Газета День Литературы # 66 (2002 2) - Газета День Литературы
Шрифт:
Интервал:
Закладка:
Госпожа гладиаторша чего-то медлила. Видимо, сортировала своим профессиональным пожилым обонянием старые и совсем новейшие ароматы и миазмы…
Я вроде пока держался и никаких медвежьих слабостей не допускал из своей унылой утробы…
Меня глодали два одинаковых по своей силе чувства: смертная скука и острая предсмертная любознательность…
Причем эти два толкающихся, мешающих друг другу мрачноватых субъекта норовили занять господствующую, так сказать, высоту…
И кому из них отдать предпочтение, я не знал до самой последней секунды, с которой и началась так называемая локальная смертоубийственная межусобица завсегдатаев этого чудовищно чудесного черного Эдема…
Звук гонга обрушился на мои трепетно замершие барабанные перепонки в самое неподходящее время для моей фаталистически пристывшей голой задницы…

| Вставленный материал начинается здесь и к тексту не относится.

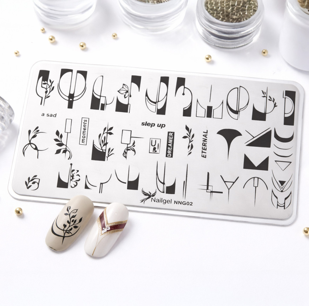 Razítkovací destičky Nailgel jsou profesionální nástroje vyrobené z kvalitní nerezové oceli, které umožňují rychlé, přesné a opakovatelné zdobení nehtů. Vzory na destičkách jsou proporčně vyvážené, detailní a přenášejí se na nehet s ostrými konturami, takže s nimi snadno vytvoříš moderní, čistý nebo i extravagantní nail art.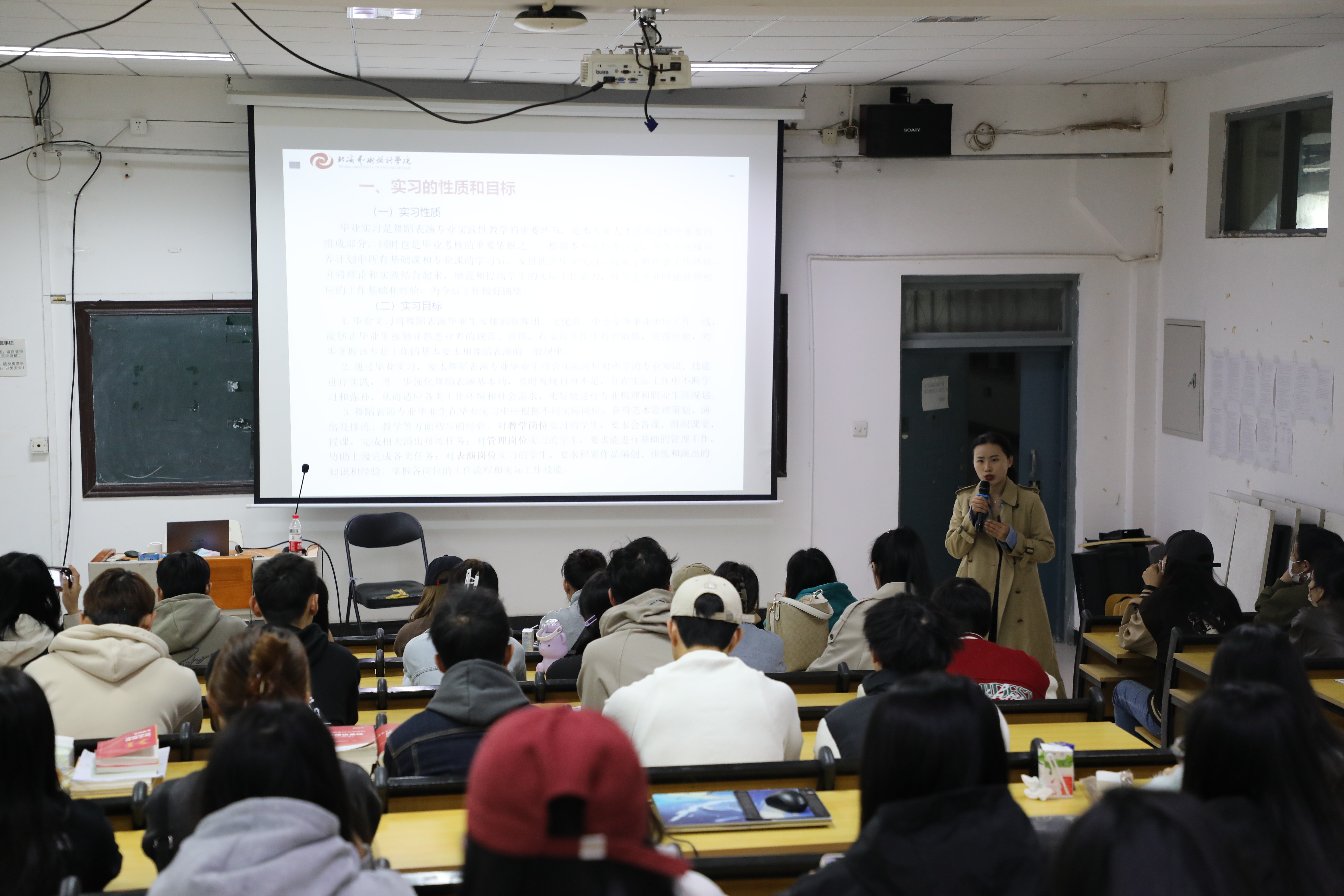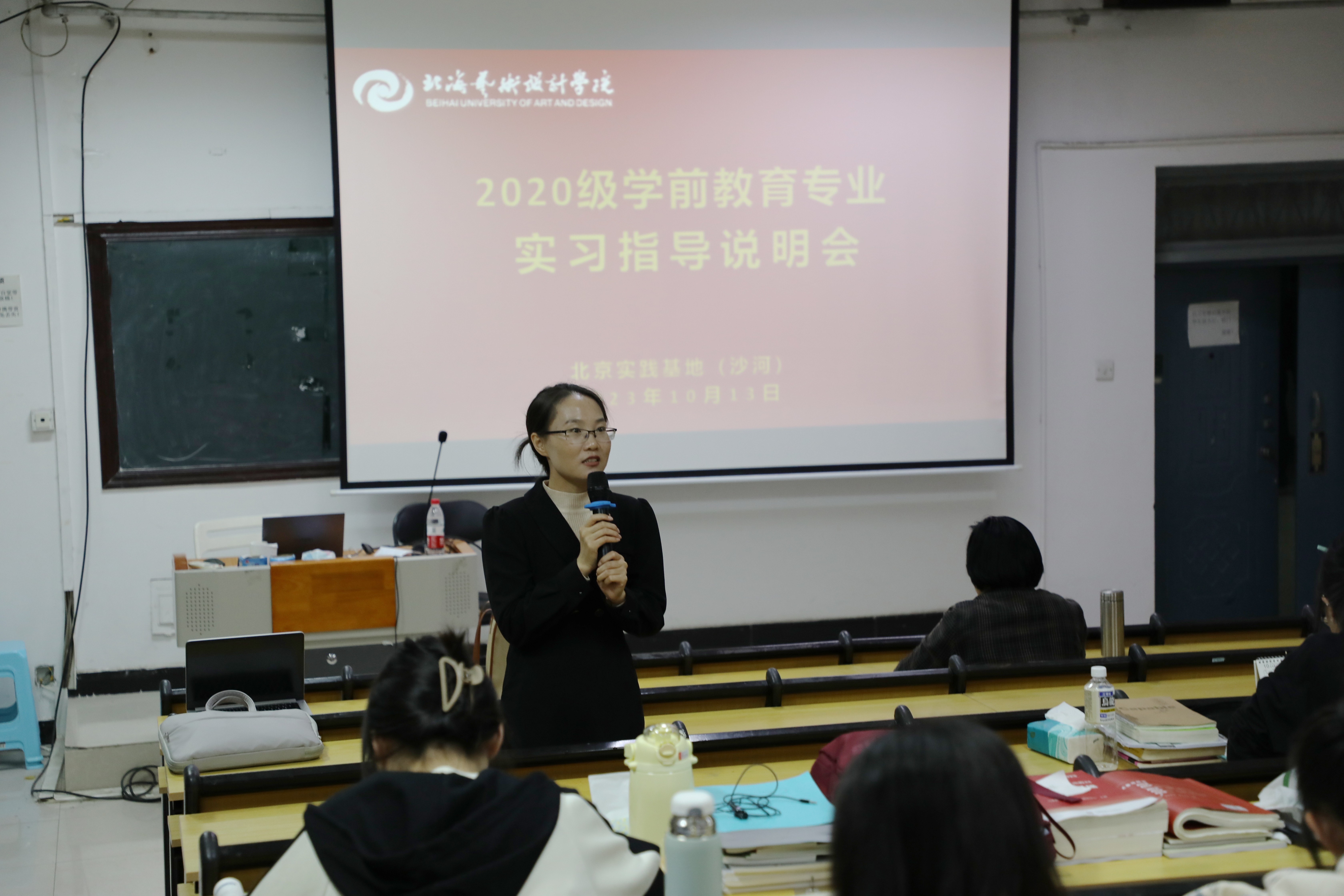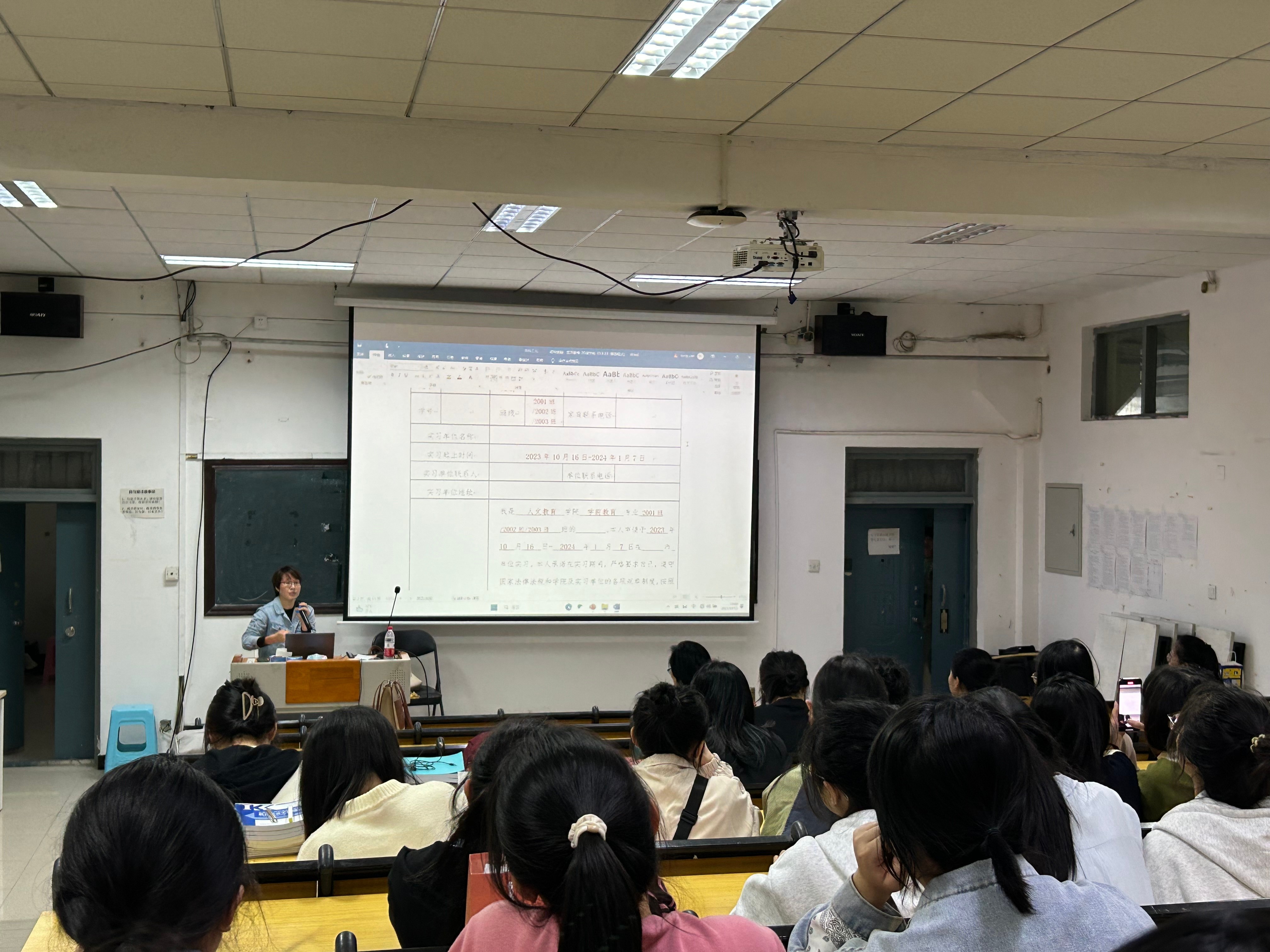 为了扎实做好2024届毕业生实习工作,进一步促进学生对所学知识和技能进行实践运用、总结和深化,引导学生明确毕业实习的目的和意义。2023年10月13日晚,人文教育学院在北京实践基地(沙河)阶梯教室召开2024届学前教育、舞蹈表演毕业实习指导会。出席本次会议的有北京实践基地办公室副主任严腾、人文教育学院党总支副书记邓欢、学前教育教研室主任蒙剑英、实验室副主任冯小霞。

Я вдруг вздумал оторвать прохладившиеся подуставшие ягодицы от линолеумного насеста… И тут грянул гонг!
Ощущение было не из комфортных: в центре головы точно стодецибельный камертон лопнул…
Ну, милый дядя Володя, теперь держись! Совсем скоро тебя примутся пилить по живому мясу, а еще непременно воткнут куда-нибудь в глазницу штатный инструментарий, этакое стило…
После звона взорвавшегося гонга-камертона я, похоже, на какое-то непродолжительное время погрузился в обыкновенную полебойную контузию.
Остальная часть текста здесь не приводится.